Data:
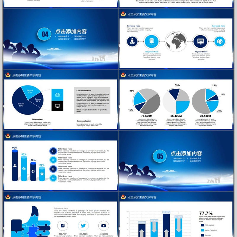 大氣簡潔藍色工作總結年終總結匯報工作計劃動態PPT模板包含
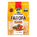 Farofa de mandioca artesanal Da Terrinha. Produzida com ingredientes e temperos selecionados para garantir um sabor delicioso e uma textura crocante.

--

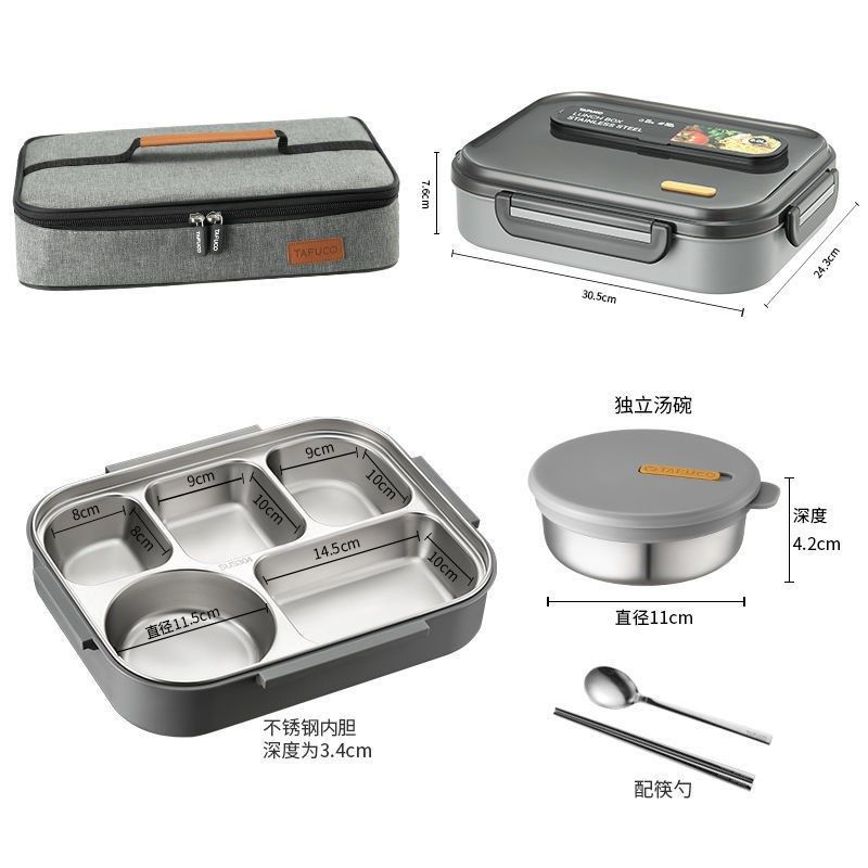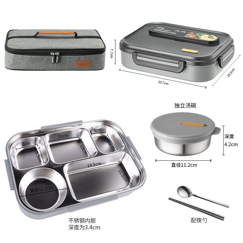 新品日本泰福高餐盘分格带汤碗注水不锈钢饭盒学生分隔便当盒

--

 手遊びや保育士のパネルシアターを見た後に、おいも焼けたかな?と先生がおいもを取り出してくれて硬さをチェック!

What is being asked:
Both boundary lines included, write out word for word only the lines above from the one containing "大氣簡潔藍色工作總結年終總結匯報工作計劃動態PPT模板包含" to the one containing "Farofa de mandioca", leaving out any pictures.

Response to the exercise:
 大氣簡潔藍色工作總結年終總結匯報工作計劃動態PPT模板包含
 Farofa de mandioca artesanal Da Terrinha. Produzida com ingredientes e temperos selecionados para garantir um sabor delicioso e uma textura crocante.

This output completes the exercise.